EL design structure implicit
Figure 1. EL execution model - implicit context

In the explicit form, an EL expressions appear within a BMM model definition, or within a context that explicitly imports a BMM model.

EL design structure explicit
Figure 2. EL execution model - explicit context

In both cases, the result of parsing into computable form for evaluation must result in instance of the BMM EL meta-types.

Formal Representation

Formally, an openEHR EL expression is any of the following evaluable entities:

  • terminal entities:

    • instance references, including literals, constants, variables and function calls;

    • predicates: Boolean tests on instance structures;

    • agents: i.e. delayed routine calls;

  • complex expressions created from:

    • equality operator: equality operator;

    • primitive operators: arithmetic operators, relational operators, boolean operators;

    • collection operators: logical quantification operators;

    • decision tables: if/then/else like structures containing conditional expressions.

These correspond to the meta-types defined in the BMM expression package, each of which is described in detail in the following sections.

References

  • [1] G. Smith, The Object Z Specification Language.
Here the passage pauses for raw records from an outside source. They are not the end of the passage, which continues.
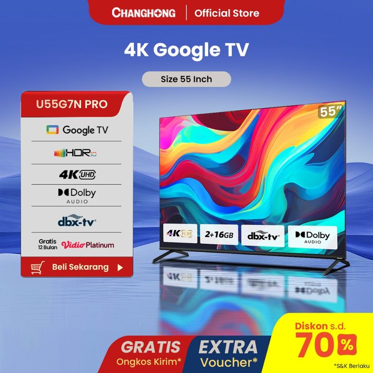 Google Tv Changhong 55 Inch Smart Tv 4K Uhd Hdr10+Dbx Dolby Audio Google Assistant Netflix Youtube Digital Tv U55G7N Pro
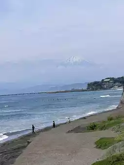 Take the Enoden to see the sea, Mount Fuji looming over the sea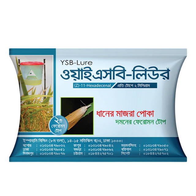 YSB লুর একটি অত্যন্ত কার্যকর ফেরোমন ভিত্তিক প্রলোভন, যা বিশেষভাবে ইয়েলো স্টেম বোয়ার (Yellow Stem Borer) পোকা ব্যবস্থাপনার জন্য ডিজাইন করা হয়েছে। এটি চাষের ক্ষেত্রে রাইস ফসলের ইয়েলো স্টেম বোয়ার পোকা নিয়ন্ত্রণে অত্যন্ত কার্যকরী এবং পরিবেশবান্ধব একটি সমাধান। ফেরোমন প্রলোভন ব্যবহারের মাধ্যমে আপনি পোকামাকড়ের আক্রমণ নিয়ন্ত্রণ করে আপনার ফসলের উৎপাদন বৃদ্ধি করতে পারেন।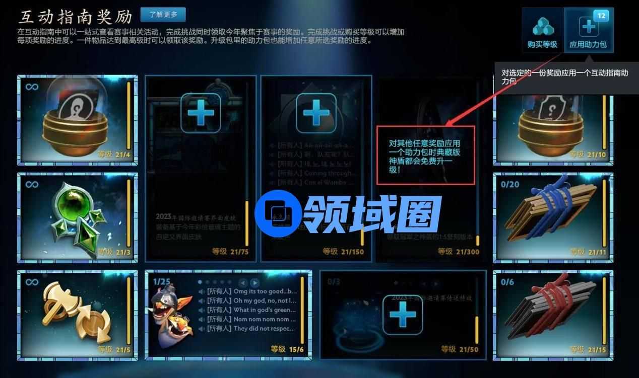 虽然这次TI的互动指南与饰品毫无联系,让许多小伙伴大失所望,但对于有收藏实体冠军盾想法的小伙伴来说,这一定是你与冠军盾距离最近的一次!因为它相较历届的勇士令状来说真的很便宜。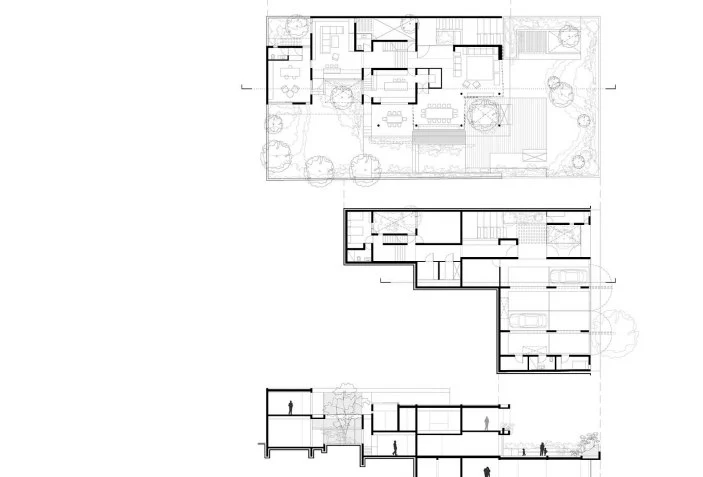 Sus clientes no deseaban una vivienda unifamiliar al uso rodeada de jardines, sino un jardín continuo de 1.000 metros cuadrados que integrara una vivienda. Por tanto, en el diseño abundan los espacios abiertos, que se van entrelazando para conformar las áreas más íntimas a través de distintas alturas, escalas y claroscuros.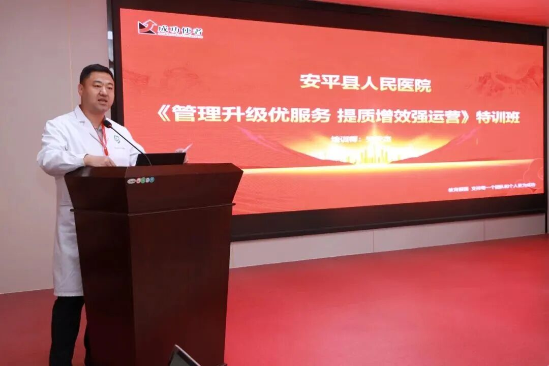 为提升运营管理能力、优化医疗服务质量、凝聚高质量发展合力,河北省衡水市安平县人民医院特邀成功使者集团专家团队举办《管理升级优服务、提质增效强运营》中高层领导团队管理能力提升集中培训会。院领导班子、中高层干部,以及安平县中医医院院长、安平县妇幼保健院书记和八个乡镇卫生院院长共92人参加培训。

Kluwer Academic Publishers, 2000. [Online]. Available: http://www.itee.uq.edu.au/~smith/objectz.html

  • [2] J. F. Sowa, Knowledge Representation: Logical, philosophical and Computational Foundations. California: Brooks/Cole, 2000.

  • [3] J. L. Hein, Discrete Structures, Logic and Computability, Second. Jones, 2002.

  • [4] H. Kilov and J. Ross, Information Modelling - an object-oriented approach. Prentice Hall, 1994.